The Statute Governing the Relations Between the Peoples of the Taiwan Area and the Mainland Area (兩岸人民關係條例) states that public servants who have been involved with sensitive matters, including national security, diplomacy, national defense, intelligence and cross-strait affairs, must first obtain permission from the National Immigration Agency (NIA) before visiting China.
The duration of the period during which retired officials are required to obtain permission is usually three years, but decisions are made at the discretion of government agencies, Mainland Affairs Council (MAC) Deputy Minister and spokesman Liu Te-shun (劉德勳) said yesterday.
The forum was the event that hosted a historic meeting between then vice president-elect Vincent Siew (蕭萬長) and Chinese President Hu Jintao (胡錦濤) in April 2008. One of the stated aims of the annual conference is to promote regional economic integration.
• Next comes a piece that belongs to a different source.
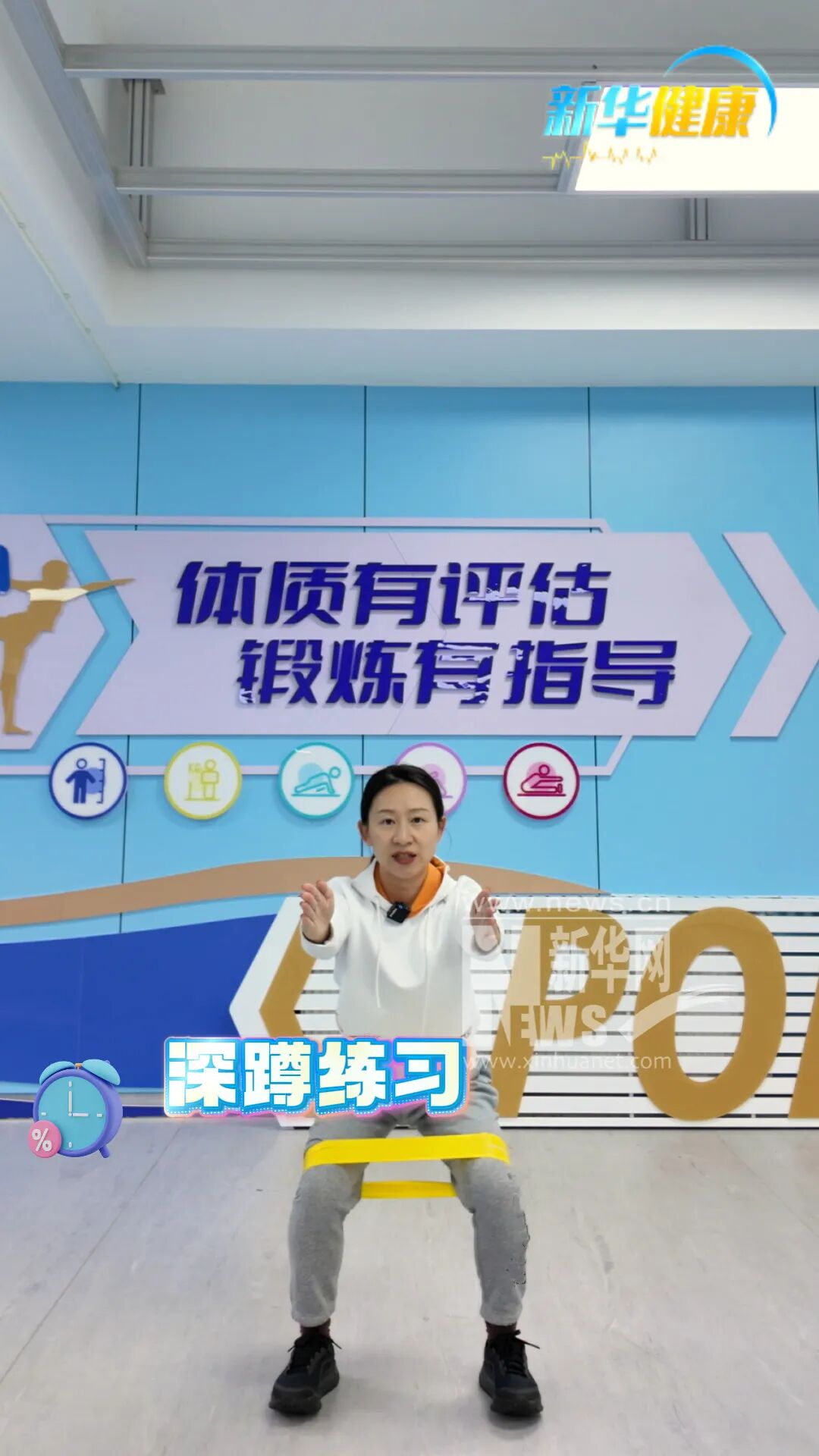 深蹲:将弹力绳置于膝关节上方,双脚与肩同宽,下蹲至大腿与小腿成直角为一组,每组完成8-12次。

Minister of the Interior Jiang Yi-huah (江宜樺) told an Internal Administration Committee meeting yesterday that the ministry had yet to receive Su’s application for permission to travel to China.
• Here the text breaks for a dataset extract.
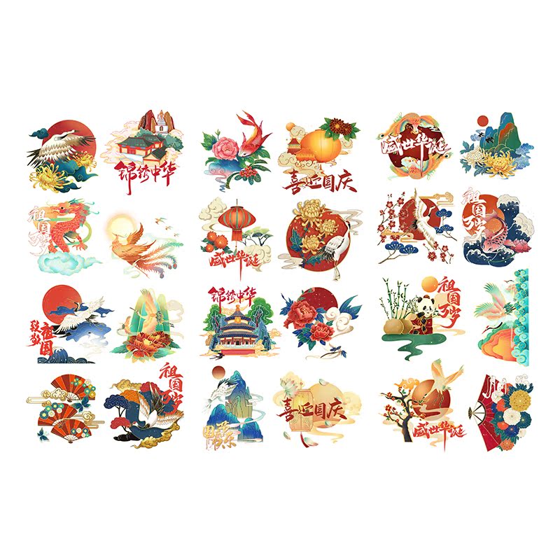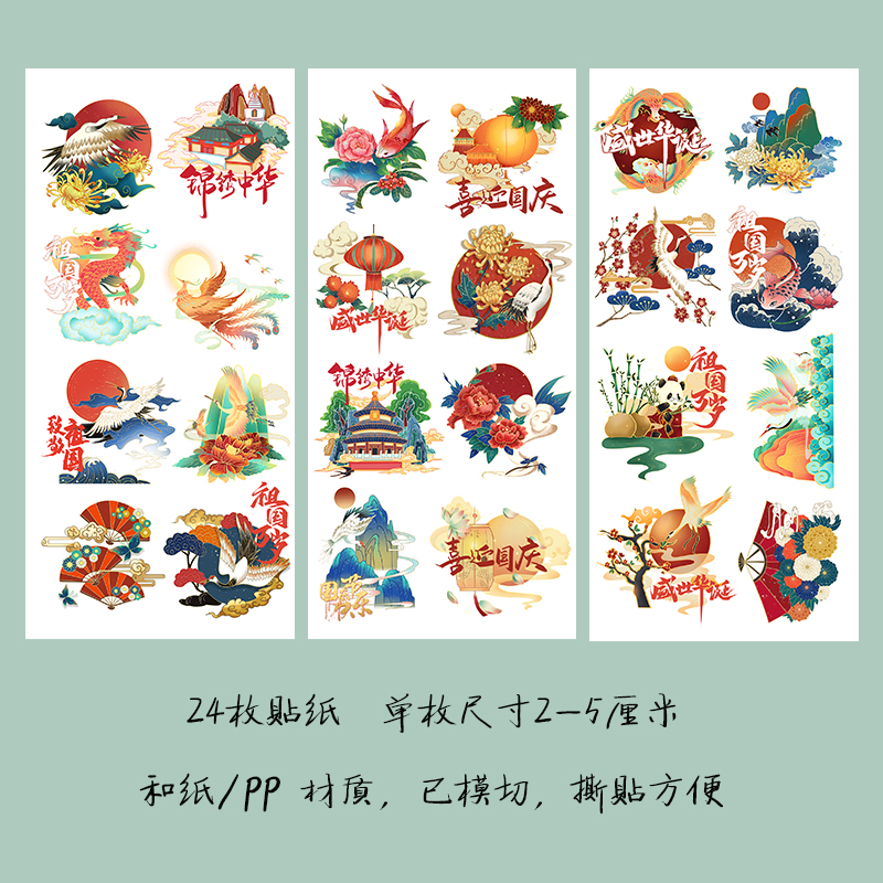 国庆节快乐手账贴纸热爱歌唱祖国贴我爱中国素材爱国主义主题贴纸

“As far as I know, we have not yet received an application from Su,” Jiang told legislators.
DPP Legislator Chiu Yi-ying (邱議瑩) asked Jiang if it was too late for Su to file an application because, according to the law, the application should be filed at least three weeks prior to the date of departure. The Boao Forum opens on April 9, less than three weeks from now.
“Yes, in general, you need to file an application three weeks in advance, but there are cases in which exceptions have been made when it’s an emergency,” Jiang said.
However, since the Boao Forum is an annual event that serves as a communication channel between the KMT and the CCP, Chiu said it certainly did not constitute an “emergency.”
Jiang said that applications are reviewed on a case-by-case basis and that at present he was in no position to say whether Su’s application would be approved.
“Filing an application [to travel to China] within a month after leaving office is something we haven’t encountered before,” he said. “Of course we’re not obliged to approve it.”
DPP Legislator Chien Chao-tung (簡肇棟) said he suspected Su was on a secret assignment to serve as a messenger between Ma and Hu.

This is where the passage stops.